By Tom Quiner

St. Thomas Aquinas

St. Thomas Aquinas

Did God create evil?

I discussed the nature of evil from St. Augustine’s perspective in my previous post, “A feeble attempt to understand evil.”

St. Augustine said no, God did NOT create evil. He explained:

“Evil has no positive nature; but the loss of good has received the name ‘evil.’  All which is corrupted is deprived of good.”

A Quiner’s Diner reader wondered, then, what the prophet Isaiah meant when he said:

“I form the light, and create darkness: I make peace, and create evil: I the LORD do all these things. (Isaiah 45:7)

To get the answer, let’s turn to another church doctor, St. Thomas Aquinas, perhaps the greatest Christian philosopher ever (and my patron saint). He suggests that we need to distinguish between evils of fault and evils of penalty:

“In the former, culpability rested squarely in the lacking in both being and will of the secondary per accidens causes of evil, namely, finite human beings and their will, and the lacking of being found in other imperfect beings.

The latter evil of penalty was necessary evil in order to contribute to the perfecting of the cosmos in that it was just for such penalty to occur.
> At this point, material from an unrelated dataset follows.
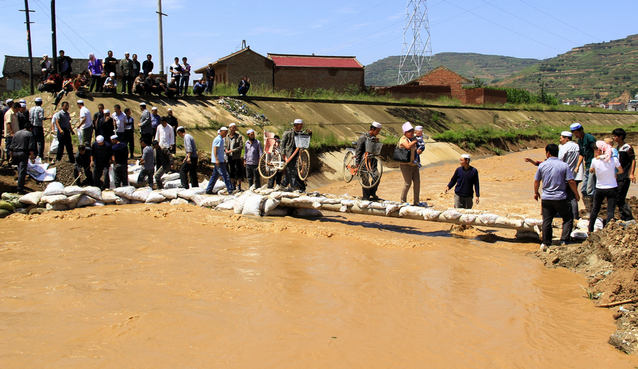 ▲群眾經(jīng)過搭建好的便橋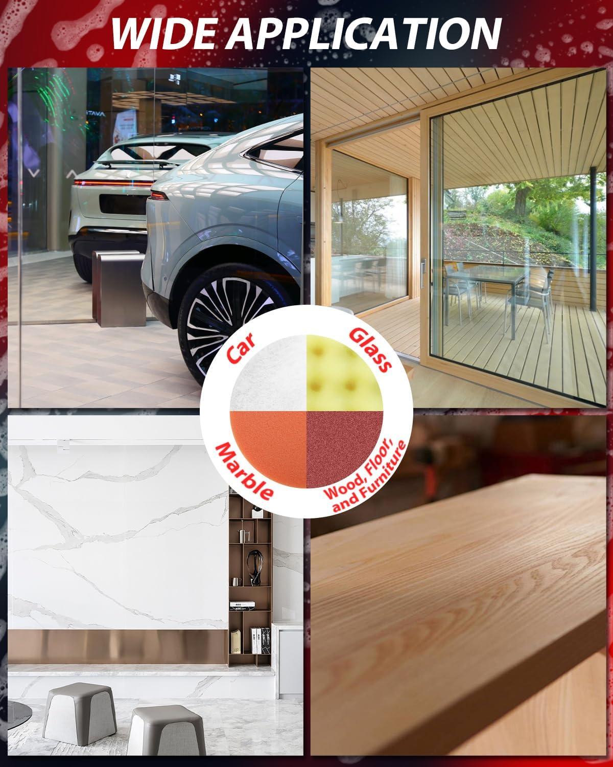 Versatile Multi-Surface Performance Includes 10+ accessories (sanding papers, wool pads, sponge pads) for polishing cars, furniture, marble, and metal. Quick-change Velcro system saves time and enhances workflow efficiency

Without it the cosmos would not strive toward perfection, which is the natural intention of a perfect being such as God.”

So Aquinas suggests that it is only the evil of penalty that God “creates” or permits, but that it is not His intention:

“As a result we found that it was not the intentions of God to have either kind of evil (privation), but nonetheless the evil of penalty is permitted in order for the cosmos to intend to a perfecting ordered and just cosmos. Hence, God is the efficient cause of evils only per accidens, i.e., only in the sense of God sustaining all being to progress toward an ordered and perfecting reality, hence God is not culpable. Second, we can conclude that all evils ultimately arose due to the secondary per accidens causes of finite and imperfect beings, as both fault and penalty. For if there were no imperfect beings there would be no need for penalty or fault.”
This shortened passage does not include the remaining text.